The task calls for the lines below from the line with "REF: PA000189 Kit" to the line with "感谢台州老板再次采购高韧性的", both ends included, copied exactly, without any pictures.

# RECORD SET:
----

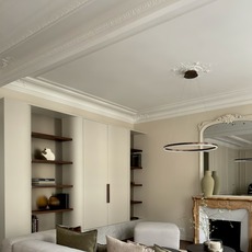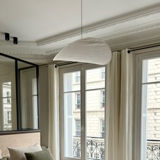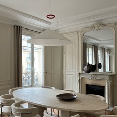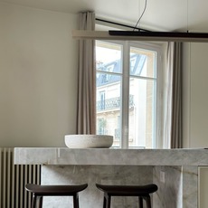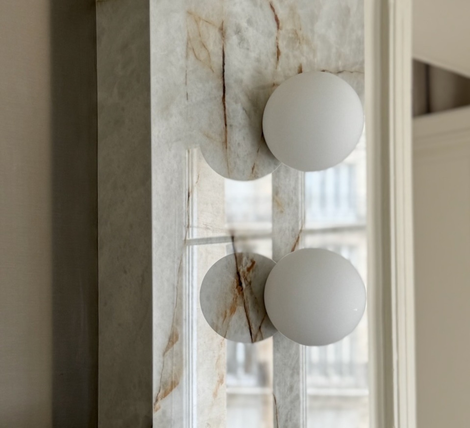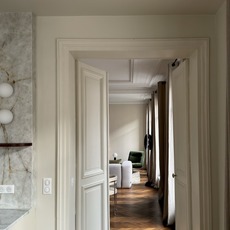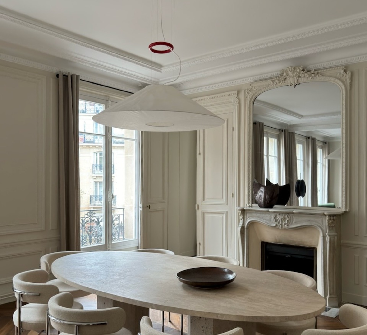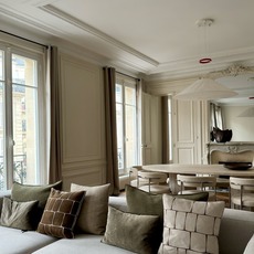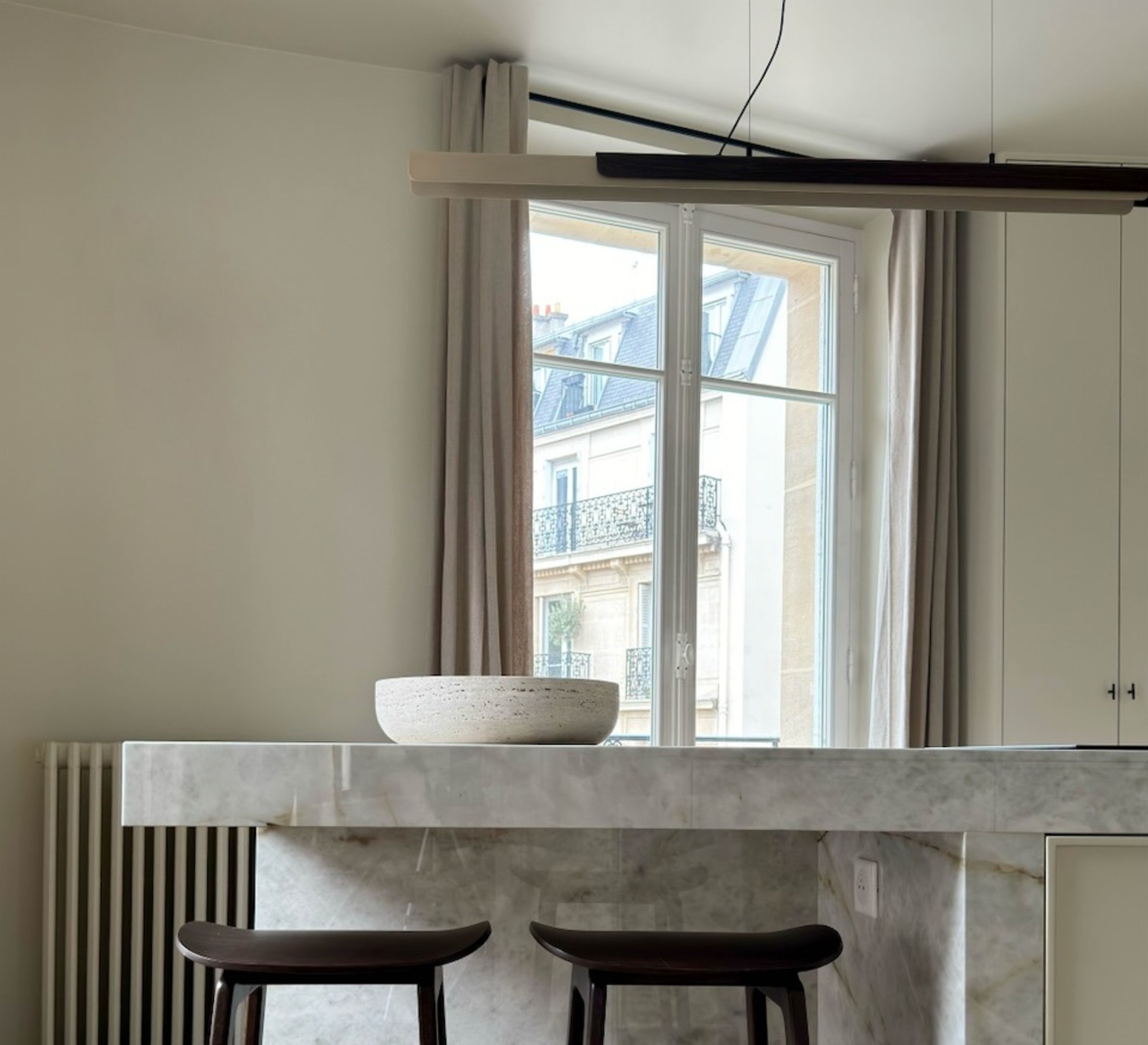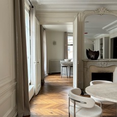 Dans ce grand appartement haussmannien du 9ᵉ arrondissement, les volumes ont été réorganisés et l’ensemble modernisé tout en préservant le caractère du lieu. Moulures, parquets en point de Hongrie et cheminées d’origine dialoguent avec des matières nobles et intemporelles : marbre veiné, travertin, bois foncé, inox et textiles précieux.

----

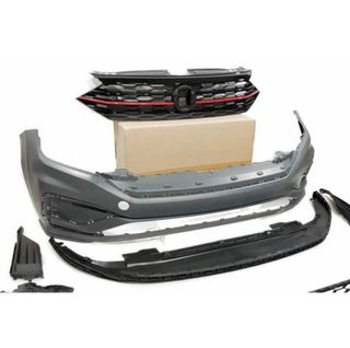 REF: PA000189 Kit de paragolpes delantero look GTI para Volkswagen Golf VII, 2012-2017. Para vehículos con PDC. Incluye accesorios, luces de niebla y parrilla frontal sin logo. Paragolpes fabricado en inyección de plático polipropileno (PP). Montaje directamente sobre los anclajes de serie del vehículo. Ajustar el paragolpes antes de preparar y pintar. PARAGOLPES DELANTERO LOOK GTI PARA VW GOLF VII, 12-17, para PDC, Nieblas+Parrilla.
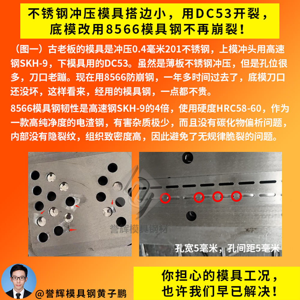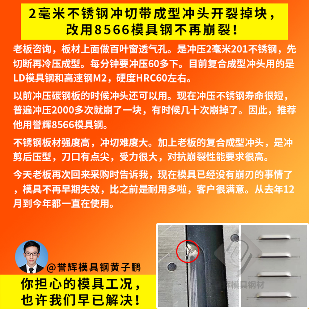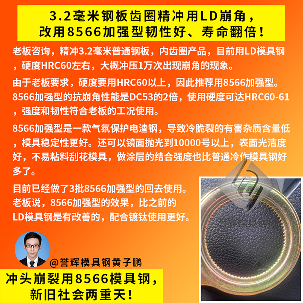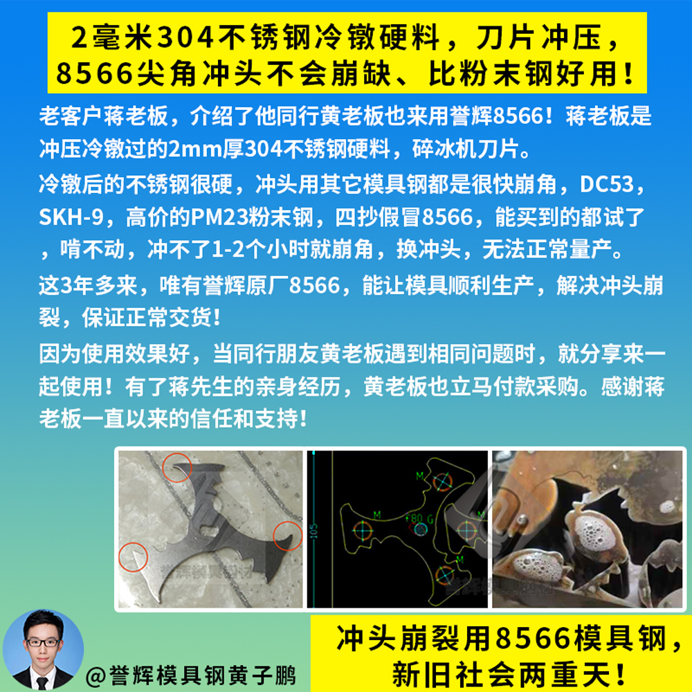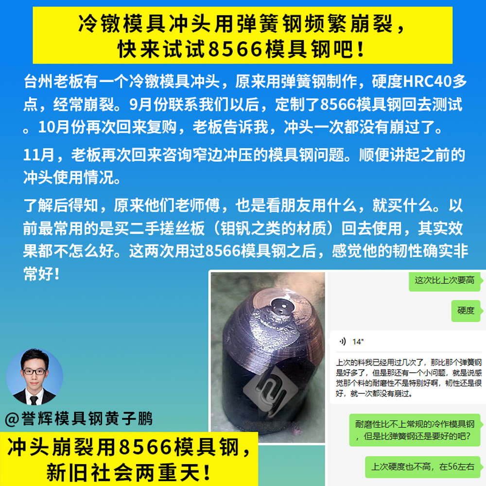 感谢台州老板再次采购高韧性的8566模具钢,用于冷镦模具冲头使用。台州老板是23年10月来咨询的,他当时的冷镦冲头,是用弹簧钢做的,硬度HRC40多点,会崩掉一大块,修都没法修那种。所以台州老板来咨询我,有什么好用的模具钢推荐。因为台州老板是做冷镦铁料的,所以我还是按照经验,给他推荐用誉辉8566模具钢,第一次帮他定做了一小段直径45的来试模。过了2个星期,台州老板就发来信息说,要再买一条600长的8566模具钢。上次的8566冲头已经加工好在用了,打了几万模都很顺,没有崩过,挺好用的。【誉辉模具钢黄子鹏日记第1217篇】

----

# PROBLEM SOLUTION:
 REF: PA000189 Kit de paragolpes delantero look GTI para Volkswagen Golf VII, 2012-2017. Para vehículos con PDC. Incluye accesorios, luces de niebla y parrilla frontal sin logo. Paragolpes fabricado en inyección de plático polipropileno (PP). Montaje directamente sobre los anclajes de serie del vehículo. Ajustar el paragolpes antes de preparar y pintar. PARAGOLPES DELANTERO LOOK GTI PARA VW GOLF VII, 12-17, para PDC, Nieblas+Parrilla.
 感谢台州老板再次采购高韧性的8566模具钢,用于冷镦模具冲头使用。台州老板是23年10月来咨询的,他当时的冷镦冲头,是用弹簧钢做的,硬度HRC40多点,会崩掉一大块,修都没法修那种。所以台州老板来咨询我,有什么好用的模具钢推荐。因为台州老板是做冷镦铁料的,所以我还是按照经验,给他推荐用誉辉8566模具钢,第一次帮他定做了一小段直径45的来试模。过了2个星期,台州老板就发来信息说,要再买一条600长的8566模具钢。上次的8566冲头已经加工好在用了,打了几万模都很顺,没有崩过,挺好用的。【誉辉模具钢黄子鹏日记第1217篇】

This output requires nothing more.